Menurut Agung, peringatan Hari Ibu seharusnya tidak berhenti pada seremoni dan simbol penghormatan, tetapi menjadi momentum evaluasi kebijakan publik, terutama di sektor kesehatan maternal. “Ibu bukan hanya simbol pengorbanan, tetapi fondasi nyata bagi kesehatan, pendidikan, dan kesejahteraan sosial bangsa,” ujarnya, Senin (22/12).

Ia mengungkapkan bahwa Angka Kematian Ibu (AKI) di Indonesia masih berada di kisaran 189 kematian per 100.000 kelahiran hidup. Angka tersebut dinilai masih jauh dari target penurunan kematian maternal yang telah ditetapkan pemerintah dan komitmen global.
“Ini bukan sekadar data kesehatan, tetapi cerminan persoalan sistemik, mulai dari akses layanan yang tidak merata hingga persoalan rujukan dan jaminan kesehatan,” kata Agung.

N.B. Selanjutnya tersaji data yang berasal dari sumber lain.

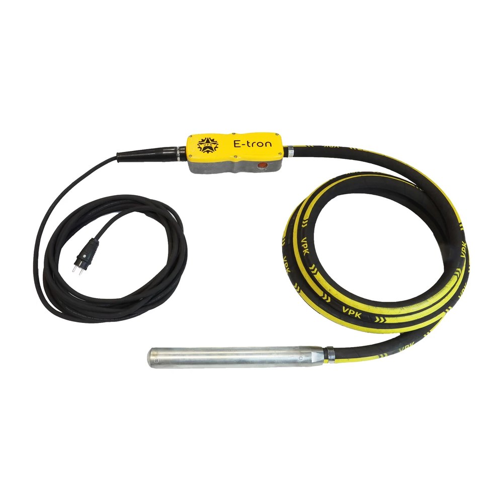 Вибратор глубинный высокочастотный VPK E-tron 36 5м (12010012699) со встроенным преобразователем для уплотнения и равномерного распределения бетона в укладке на стройплощадках, а также на производстве ЖБИ. Высокая степень уплотнения обеспечивается за счет мощного, надежного электродвигателя, высококлассных подшипников и эксцентрика, находящихся в вибробулаве.
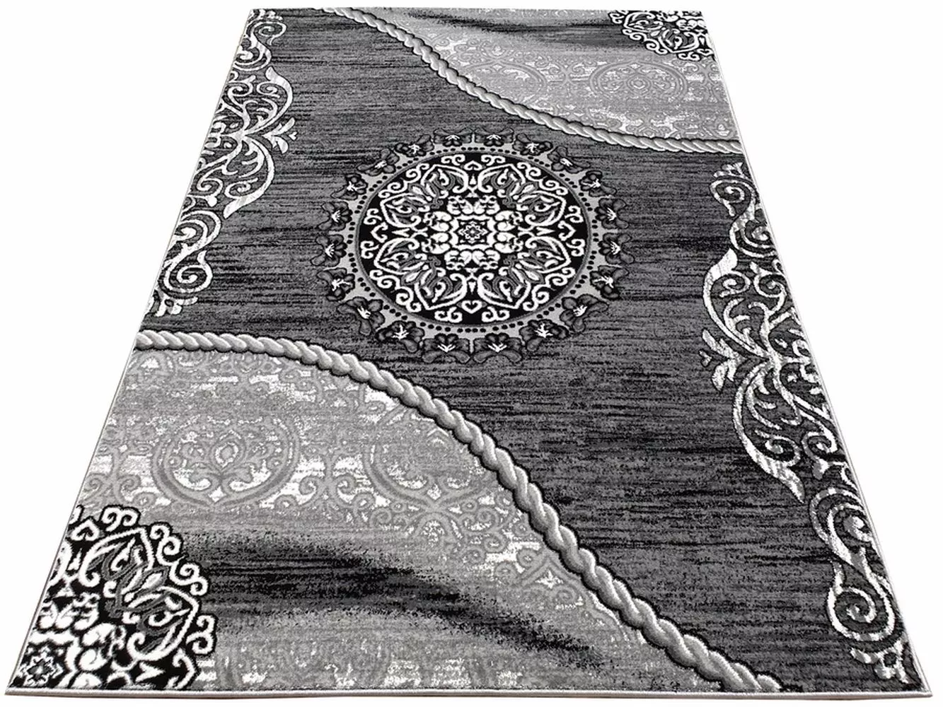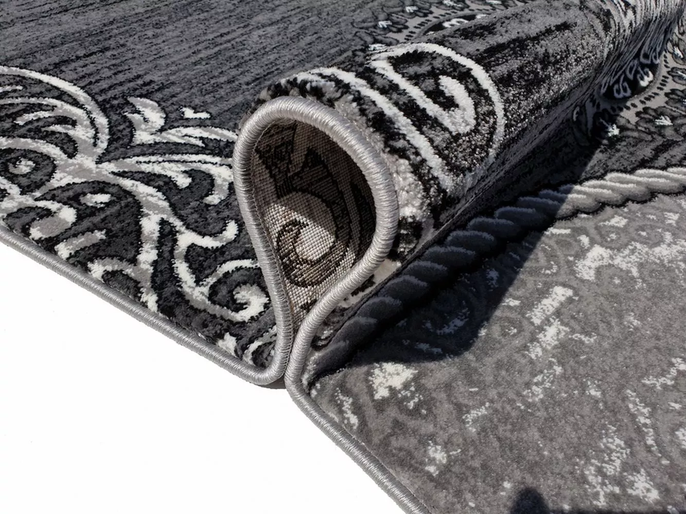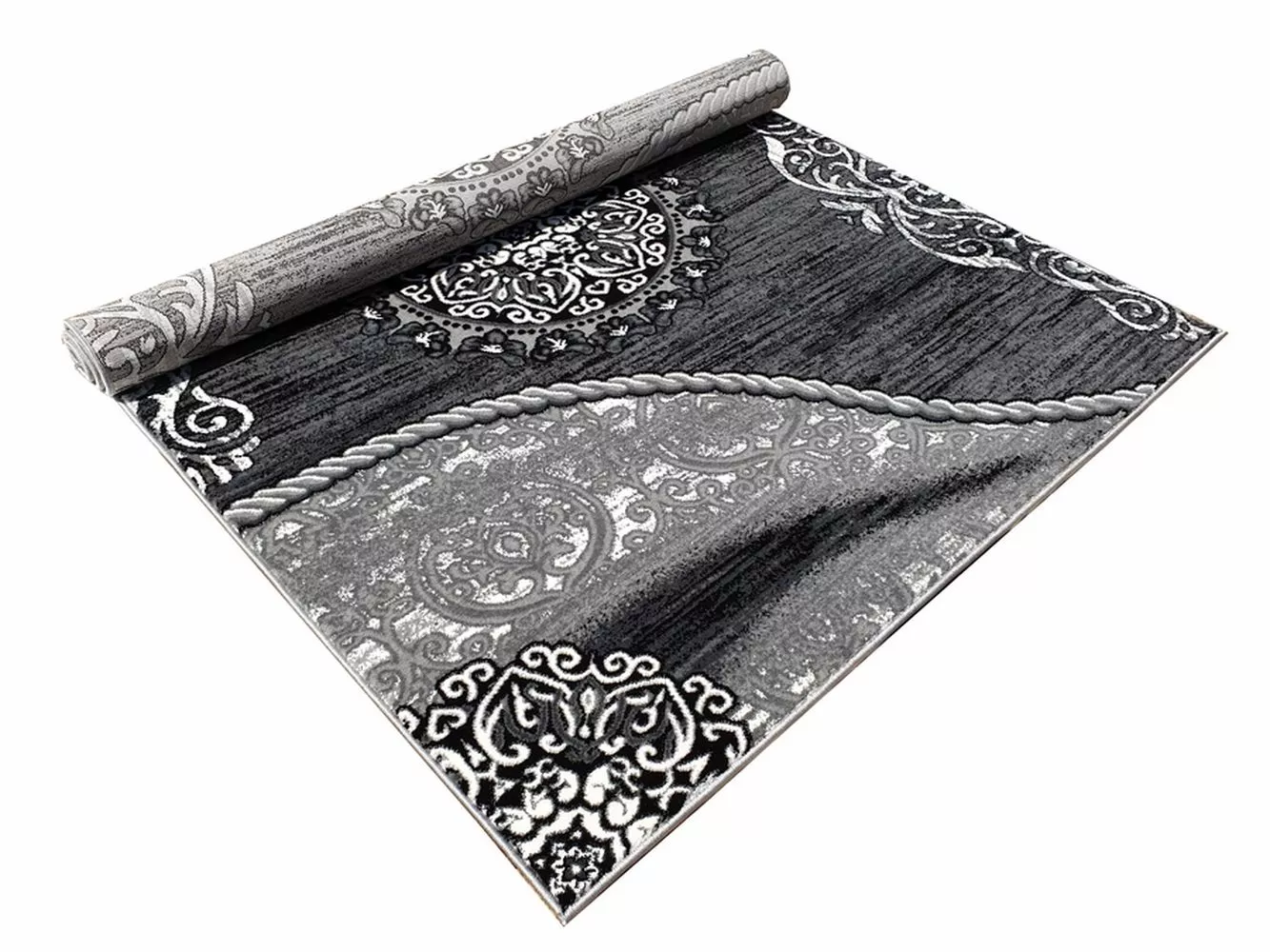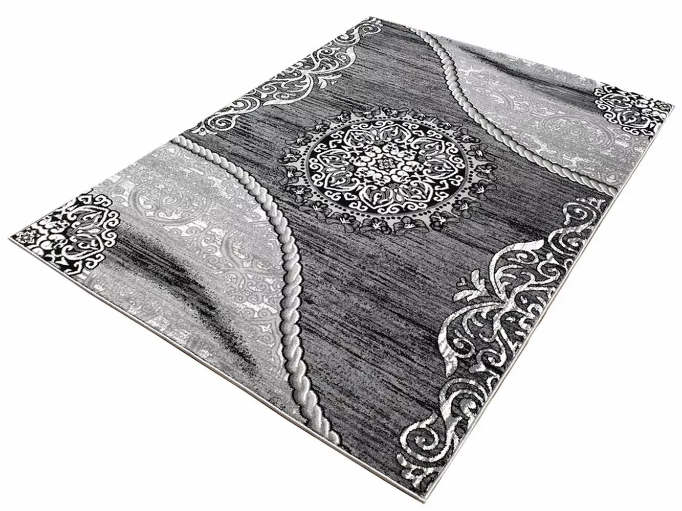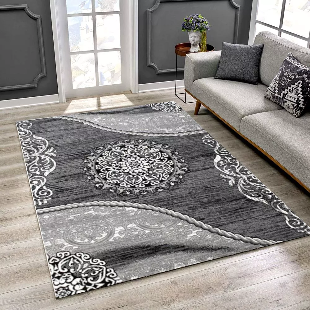Kusový koberec 200x290 cm DEMIAN s ornamenty - šedý / bílý

Agung menilai, dalam praktik di lapangan, ibu kerap menghadapi berbagai hambatan saat mengakses layanan kesehatan, seperti antrean panjang, keterbatasan fasilitas persalinan, hingga keterlambatan penanganan akibat prosedur administratif. Kondisi ini, menurutnya, meningkatkan risiko keselamatan ibu, terutama bagi kelompok rentan dan masyarakat berpenghasilan rendah.
Selain aspek kesehatan, ia juga menyinggung beban ganda yang ditanggung ibu dalam kehidupan sosial dan ekonomi. Banyak ibu yang bekerja di sektor informal tanpa perlindungan jaminan kesehatan dan ketenagakerjaan yang memadai, sementara tetap memikul tanggung jawab utama dalam pengasuhan dan perawatan keluarga.
“Negara sering berbicara tentang bonus demografi dan pembangunan sumber daya manusia unggul. Namun semua itu akan sulit tercapai jika keselamatan dan kesehatan ibu belum menjadi prioritas kebijakan,” ujarnya.
Rekan Indonesia mendorong pemerintah untuk memperkuat layanan kesehatan maternal, mempercepat sistem rujukan, serta memastikan jaminan kesehatan benar-benar melindungi keselamatan ibu.
“Melindungi ibu bukan sekadar agenda moral, tetapi investasi jangka panjang bagi masa depan bangsa,” pungkas Agung.